WHAT THE TASK ASKS> Make an exact copy of all the entries, but do not reproduce the pictures.

EXTRACTED INFORMATION>
++++
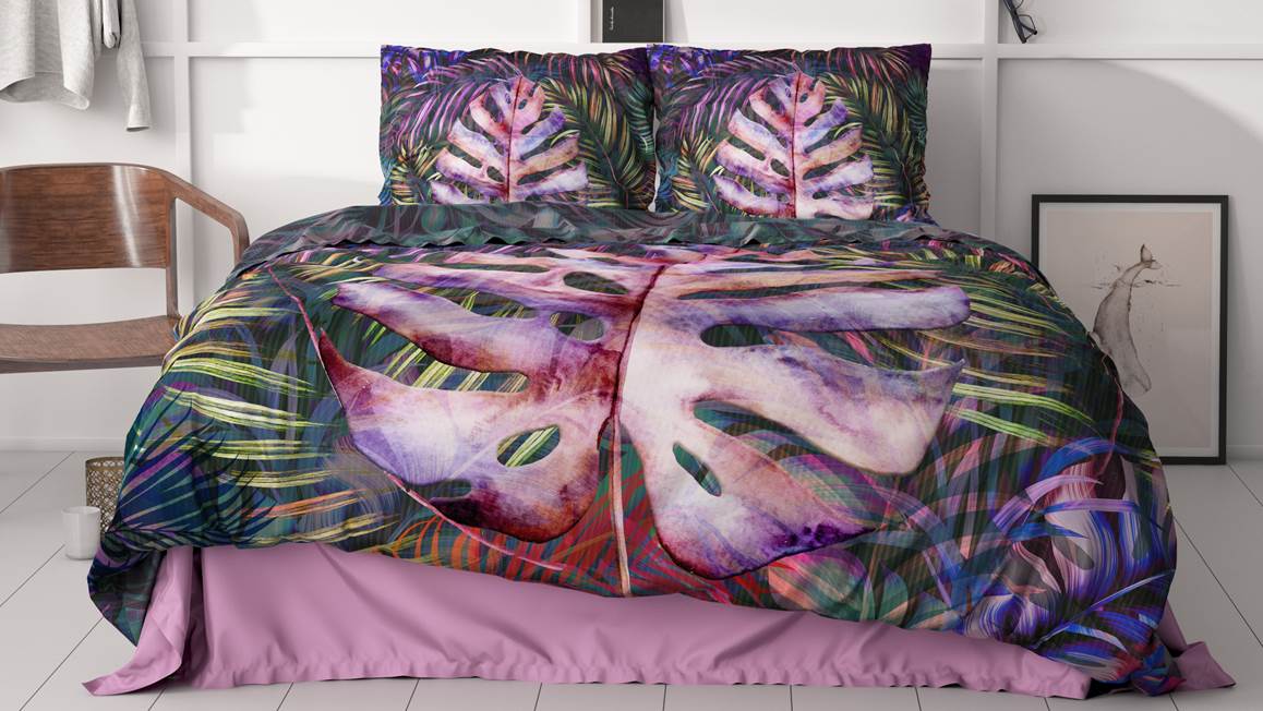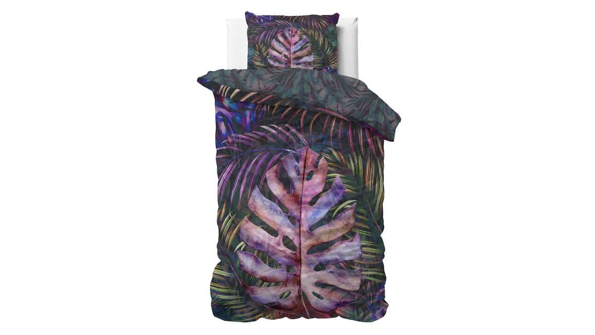 Voeg extra kleur toe aan de slaapkamer met het Dreamhouse Romina dekbedovertrek. Het ontwerp bestaat uit verschillende bladeren, waarbij het grote paarse blad in het midden de echte eyecatcher is. Hierdoor is het overtrek een echte toevoeging voor jouw slaapkamer.
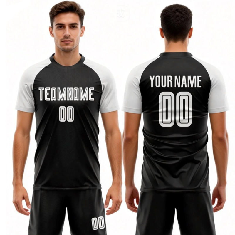 Impression personnalisée, uniforme de football pour adultes et enfants, uniforme d'entraînement, maillot de football personnalisé pour jeunes, maillot de football en mesh noir et blanc pas cher
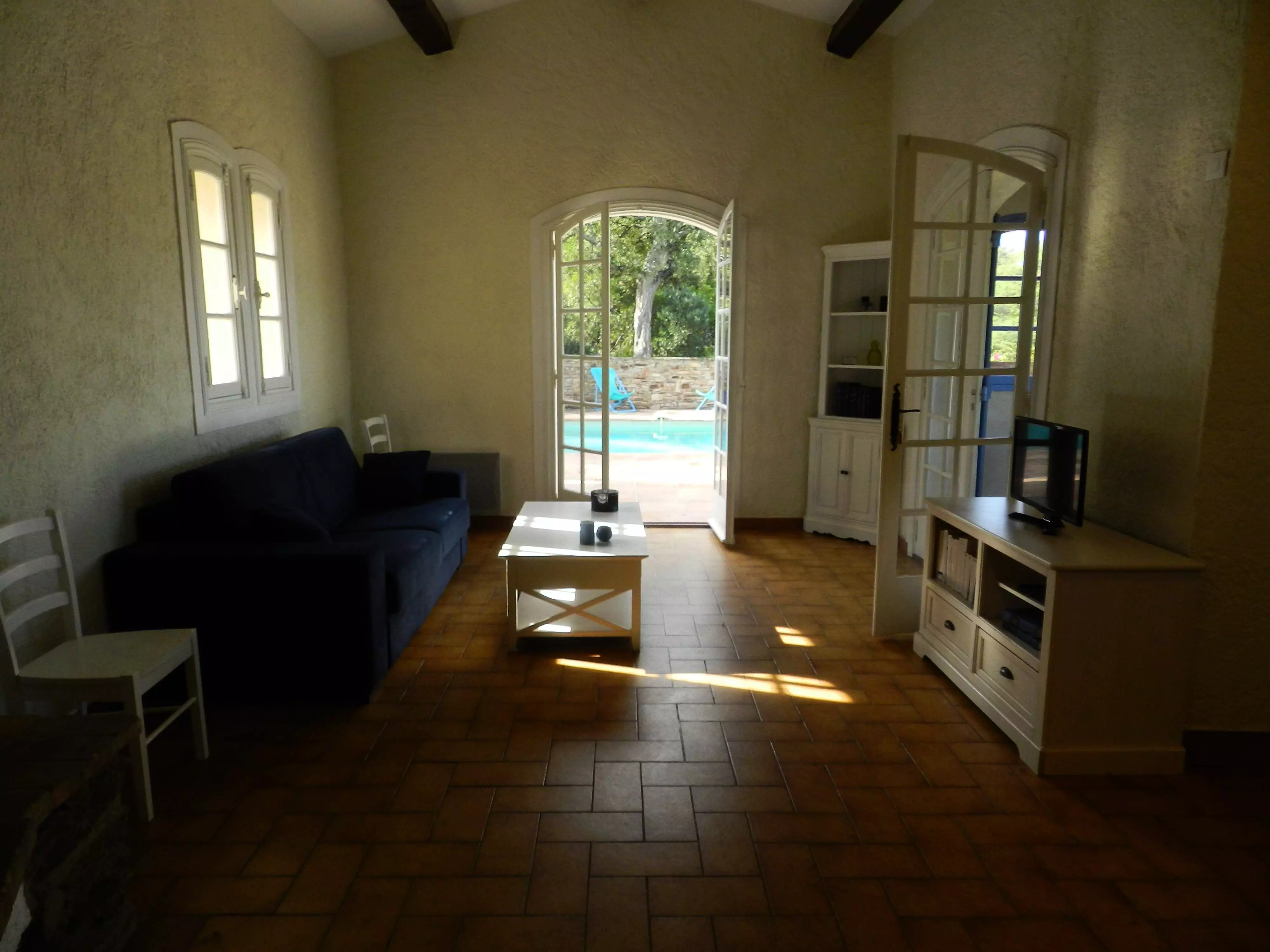 Cette maison de vacances avec piscine sur deux niveaux offre une magnifique vue sur les collines du domaine privé de Valcros.
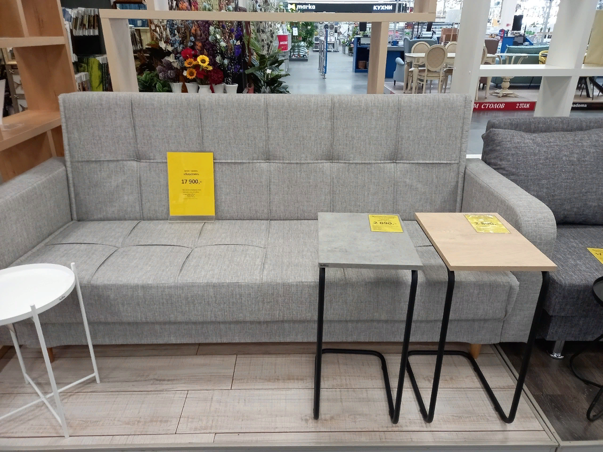 Обходя отделы, обнаруживаются журнальные столики за 20 тысяч и тумбы под телевизор, стоимость которых достигает 33 тысяч рублей. Здесь нельзя не вспомнить о довольно странном случае: недорогой стол за 8 тысяч оказывается самым прибыльным предложением, хотя его качество вызывает много вопросов — впечатление хлипкости не покидало.
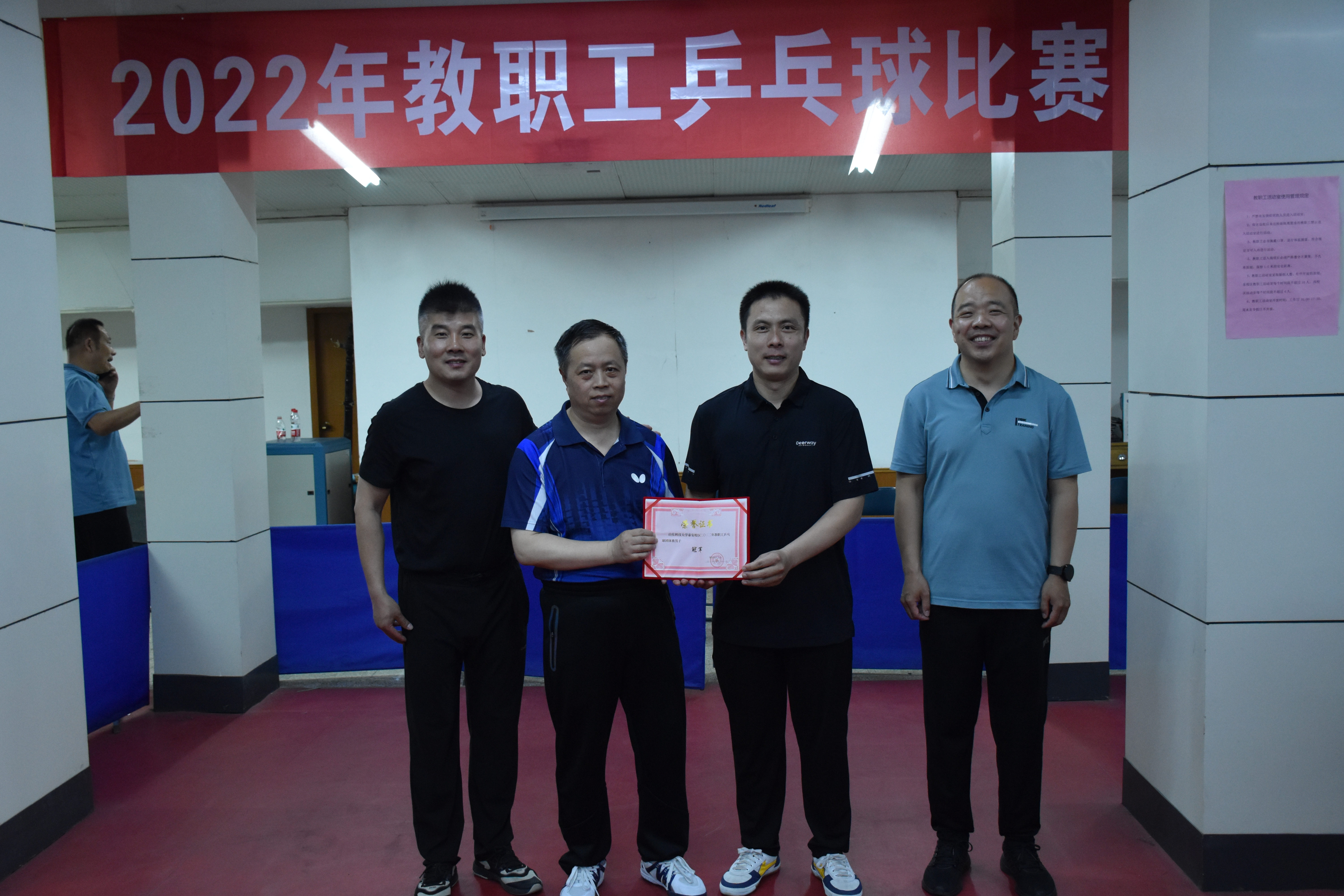 2022年5月23日,泰安校区工会组织的教职工乒乓球团体赛,经过多日激烈角逐,于5月31日迎来激动人心的决赛时刻,赛场上运动员们热情饱满、精神抖擞、左右开弓、奋力拼搏,比赛现场气氛紧张而热烈,场面精彩纷呈,赢得了现场观众们的阵阵喝彩和高度好评。最终机关(东)获得男子组冠军,智能学院获得女子组冠军,机关(西)获得男子组亚军,3044永利集团官网获得女子组亚军,3044永利集团官网和智能装备学院获得男子组第三名,资源学院和机关(西)获得女子组第三名。(文:朱韶华 图:陈兴明 朱韶华)
++++
OUTPUT FOR THIS EXERCISE>
 Voeg extra kleur toe aan de slaapkamer met het Dreamhouse Romina dekbedovertrek. Het ontwerp bestaat uit verschillende bladeren, waarbij het grote paarse blad in het midden de echte eyecatcher is. Hierdoor is het overtrek een echte toevoeging voor jouw slaapkamer.
 Impression personnalisée, uniforme de football pour adultes et enfants, uniforme d'entraînement, maillot de football personnalisé pour jeunes, maillot de football en mesh noir et blanc pas cher
 Cette maison de vacances avec piscine sur deux niveaux offre une magnifique vue sur les collines du domaine privé de Valcros.
 Обходя отделы, обнаруживаются журнальные столики за 20 тысяч и тумбы под телевизор, стоимость которых достигает 33 тысяч рублей. Здесь нельзя не вспомнить о довольно странном случае: недорогой стол за 8 тысяч оказывается самым прибыльным предложением, хотя его качество вызывает много вопросов — впечатление хлипкости не покидало.
 2022年5月23日,泰安校区工会组织的教职工乒乓球团体赛,经过多日激烈角逐,于5月31日迎来激动人心的决赛时刻,赛场上运动员们热情饱满、精神抖擞、左右开弓、奋力拼搏,比赛现场气氛紧张而热烈,场面精彩纷呈,赢得了现场观众们的阵阵喝彩和高度好评。最终机关(东)获得男子组冠军,智能学院获得女子组冠军,机关(西)获得男子组亚军,3044永利集团官网获得女子组亚军,3044永利集团官网和智能装备学院获得男子组第三名,资源学院和机关(西)获得女子组第三名。(文:朱韶华 图:陈兴明 朱韶华)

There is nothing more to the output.